Rachel Goldberg-Polin was photographed in Jerusalem on Wednesday with her new book, When We See You Again, a memoir that arrives nearly two years after her son Hersh Goldberg-Polin was kidnapped from a music festival in Hamas’s Oct. 7, 2023 cross-border attack on Israel and later killed in Gaza nearly a year after that abduction.

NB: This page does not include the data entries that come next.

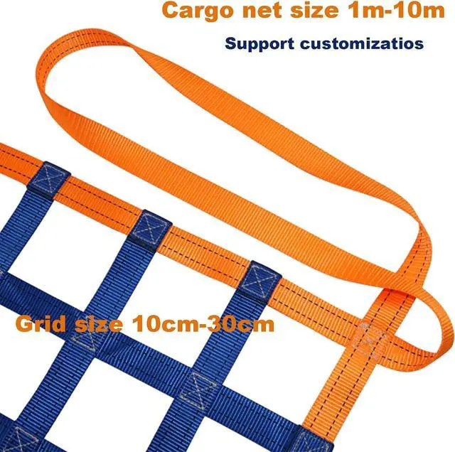 Polyester Material- The cargo net is made from a mixture of high quality synthetic polyester yarn and strong drawn wire, with a single rope breaking force of up to 650kg, it is a good helper for lifting goods with strong wrapping and large surface area!
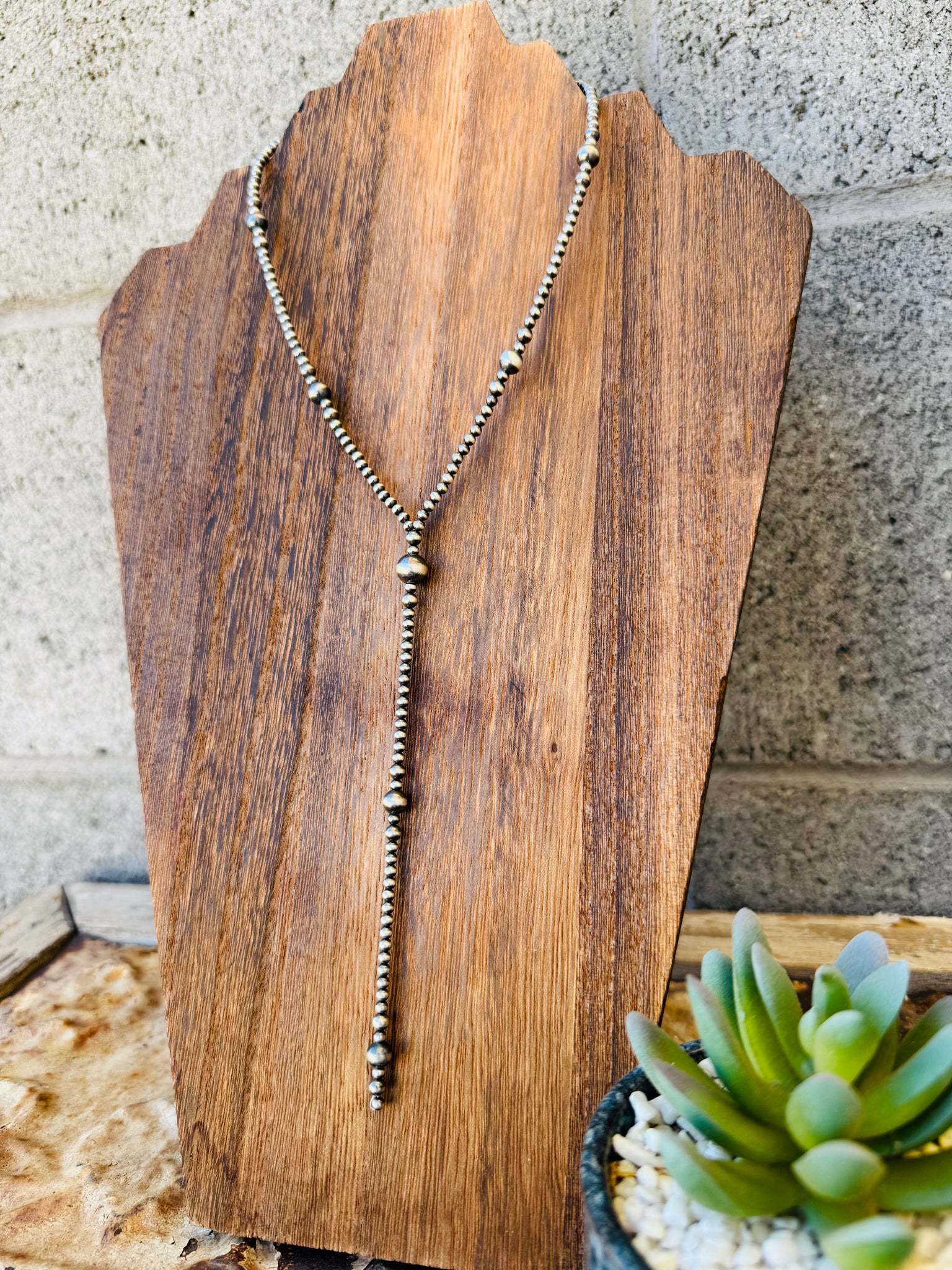 Lariat but Navajo Pearl style! Fun to wear solo or stack with other pieces in your collection!
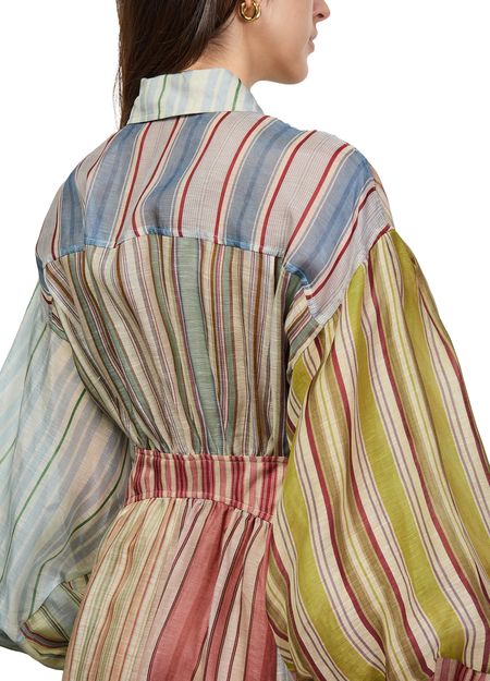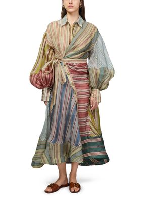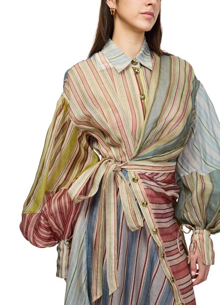 Reveal Zimmermann's Rebellion striped midi dress, a statement piece defined by its multicolor striped print and asymmetric cut. The buttoned-down collar and long, cuffed sleeves add refined structure, while the wrap silhouette and button fastening ensure a flattering fit for any occasion.
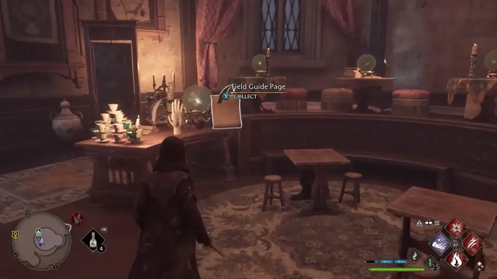 From the Divination Classroom Floo Flame Location, take the small set of stairs to the attic. There you will find the Field Guide Page flying around as shown in the picture below. Use Accio to catch it.
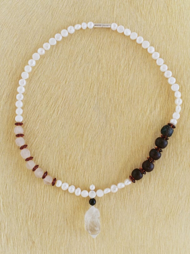 Diese Halskette (Unikat ca. 730 Fr.) aus recycelten Glasperlen und Süsswasserperlen wurde von LVMH-Preis-Gewinnerin Grace Wales Bonner entworfen. Grace, die zu einer der angesagtesten Nachwuchsdesignerinnen zählt, überzeugt mich nicht nur mit umwerfenden Designs: Sie kombiniert Sportswear mit dem britischen Schneiderhandwerk der Savile Row – und das stets mit einer erfrischenden Mischung aus europäischen und afrikanischen Ansätzen. Kürzlich kuratierte sie die Ausstellung "Spirit Movers" für das MoMa und zeigte damit, wie sie auch ausserhalb der Mode Grossartiges schaffen kann.
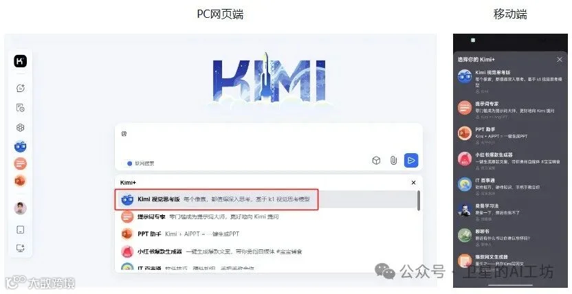 使用的时候,我们只需要在对话框中输入 @,然后选择「Kimi 视觉思考版」即可开始自己的 AI 视觉推理之旅。
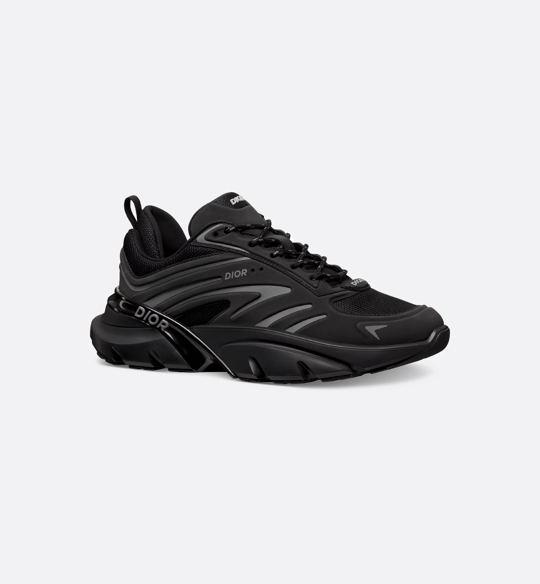 The B44 Blade sneaker is characterized by a boldly voluminous silhouette inspired by the 2000s. Constructed in black technical mesh, it features tonal technical fabric panels and a contrasting Blade insert on the sole that references the running universe. The top, heel and sides are accented by the Dior signature. Completed by two-tone laces and a support sock that emphasizes its athletic aesthetic, the sneaker will elevate casual looks with an ultramodern touch.
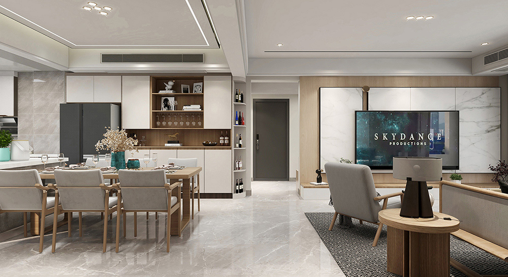 本案例128㎡的新中式風格。中式與禪意的結合帶給人一種寧靜脫俗、含蓄內斂的感覺,營造出一種令人輕松自然的端莊雅致氛圍?,F代元素的點綴,讓空間不乏時尚感。
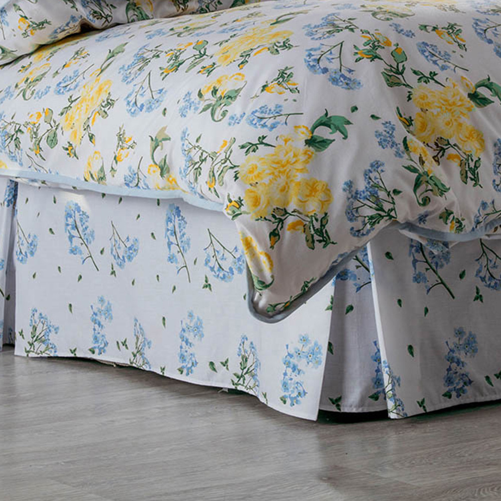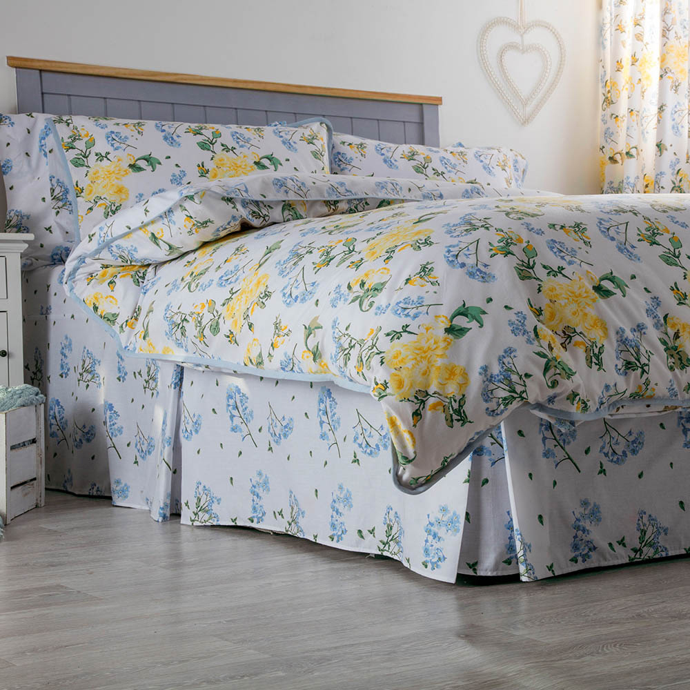 The Serene Country Dream Arabella Fitted Valance in soft shades of blue and lemon on a crisp white background will create a fresh and pretty feel to your bedroom. The lovely floral design has been stylishly trimmed with soft blue piping to complement any decor theme. Size: King, 152 x 198cm. Material: 50% Combed Cotton and 50% Polyester. Care and use: Machine washable at 40C. Do not bleach. Do not dry clean. Tumble dry or drip dry. Use a warm iron. Wash colours separately. Wash before use.

For many in Israel and beyond, Hersh Goldberg-Polin, 23, became one of the most recognizable faces of the hostage crisis. Released hostages said he repeated a Viktor Frankl line in the Gaza tunnels: “Those who have a ‘why’ to live, can bear with almost any ‘how.’” The words spread far beyond the tunnels, appearing on signs and graffiti across Israel and around the world next to his image, turning his name into a symbol of endurance and grief.
The weight of that symbolism was already clear last year, when friends and supporters gathered outside Prime Minister Benjamin Netanyahu’s residence in Jerusalem on Wednesday, April 24, 2024, after Hamas released a video of Goldberg-Polin and demanded an immediate deal for the release of all hostages. A few months later, Jonathan Polin and Rachel Goldberg attended their son’s funeral in Jerusalem on Monday, Sept. 2, 2024, closing a public vigil that had stretched from the first days after the kidnapping through the final confirmation of his death.
The new memoir points to where the story has landed now: not at the end of the hostage crisis, but at the place where public advocacy, private mourning and memory keep overlapping. Rachel Goldberg-Polin’s book joins that record, and hersh goldberg polin remains the face people still recognize when they think about the cost of the war and the hostages still at its center.